Ms Murphy, who spent the next 25 years after university working for the engineering company, considers Harold Clough a valued mentor.

“In those days it was Harold’s own company, and when we’d go to him with problem he’d say ‘Oh you smart young things, you’ll work it out’.

“I thought ‘It’s his money, and he thinks I can sort it out’. So we all worked insane hours and operated as if it was our own business.

“If you want to empower someone, just say ‘I trust you’.”

Ms Murphy said one her best early-career decisions was to challenge her self-belief and capabilities.

“Getting way out of my comfort zone (was important) on distant construction sites,” she said.

“We were all under 30, yet had a lot of authority. There was a lot of camaraderie, and man management was very different to being in an office.”

The corporate ladder

With her own career providing inspiration for a new generation of young professionals, Ms Murphy has some simple advice for those embarking on their working life.

“The most attractive thing in an employee is competence and hard work,” she said.

“The world is so small for this younger generation. I have three daughters, one is in New York, and we speak regularly with Facebook Messenger, probably more than when she lived in Perth.

“With the current downturn, I do worry about young graduates. I think we have become a little snobbish about trades. If you look at the jobs of the future, we are still going to need cabinetmakers, carpenters, welders and electricians.

Skilled artisans will be needed.”

Trust and confidence

“Trust and confidence is what we measure (at Water Corp), because we’re a monopoly, and people are taking our product and ingesting it without a second thought. We have to keep earning this trust,” Ms Murphy said.

WA economy

Many businesses are still in the process of adjusting to life after the resources construction boom, but Ms Murphy is confident the state’s economic base is sound.

“WA had a construction boom, not a mining boom,” she said.
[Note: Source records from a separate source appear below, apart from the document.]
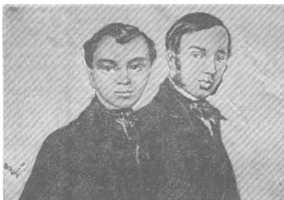
Братья Лазаревские (с портрета работы Т. Г. Шевченко]

"Он первый не устыдился моей серой шинели, и первый встретил меня по возвращении моем из Киргизской степи, и спросил, есть ли у меня что пообедать. Да, подобный привет дорог..."
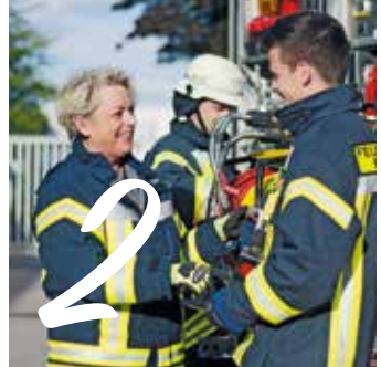
2 UNFALL- VERSICHERUNG Seite 10
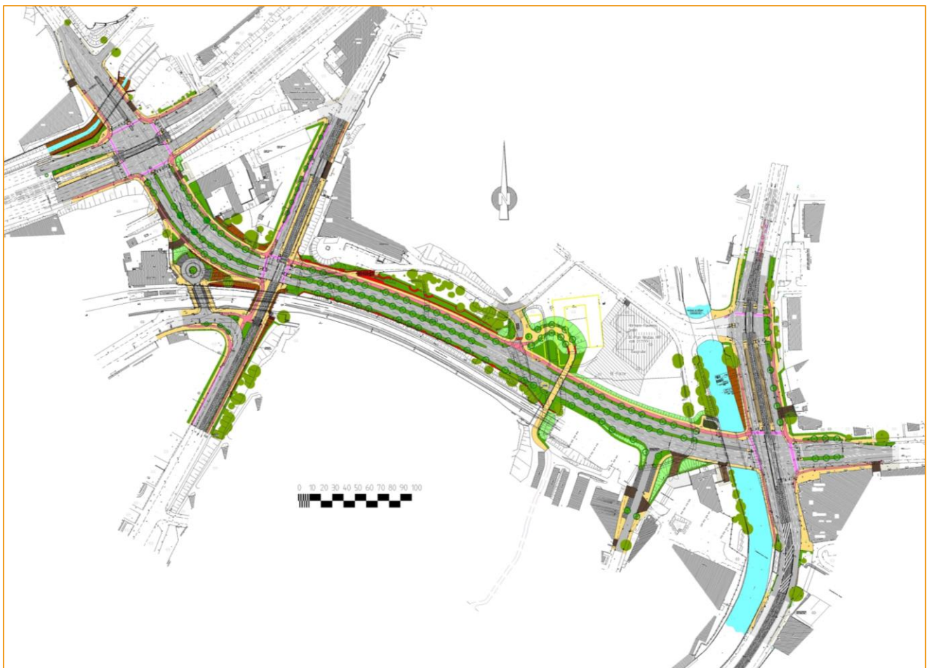
Lageplan Innerer Stadtring

“The construction period may have made us a bit fat and lazy, so a period of belt tightening was needed. I don’t think there’s a business in WA that hasn’t looked really hard at its cost base. In general, the fundamentals are still there.”

Digital challenges

More of a Twitter ‘watcher’ than a user, Ms Murphy still understands the immediacy and importance of social media at work.

“We made a call at Water Corp to use one central Twitter handle, so I send my tweets out through that group account,” she said.
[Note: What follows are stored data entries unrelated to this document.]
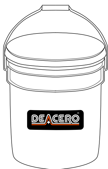
Cubetas de 25 y 50 kg
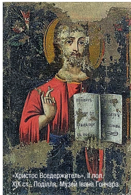
«Христос Вседержитель». II пол. XIX ст., Поділля, Музей Івана Гончара

Христос має бути царем наших душ. Якщо у наших душах є Божя ласка, якщо совість каже нам,
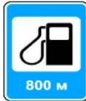
7.3 Автозаправочная станция
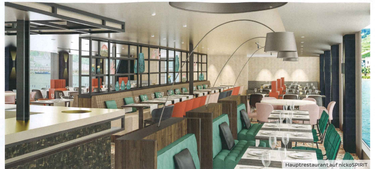
Hauptrestaurant auf nickoSPIRIT

“I’m on Facebook with my friends, especially when I travel.

And as for broader digital challenges?

“As soon as you say ‘my market cannot be digitally disrupted’, it will be,” she said.

“I don’t think people will want to deal with their waste water, but perhaps local solutions with water tanks (could disrupt).”

Balancing work and life

Weekly walks (both days of the weekend) give Ms Murphy some time away from the stresses of work while also providing social time with family and friends.

A football ‘tragic’ and Dockers fan, she takes in home games with her father.

Using the words ‘guys’ at work

“You have to be careful what you say, but I don’t think ‘guys’ is an overly offensive term,” Ms Murphy said.

“My argument would be that inclusivity is important. The racist joke makes the workplace less inclusive. If we focus on what makes a workplace inclusive, then a lot of the diversity takes care of itself.”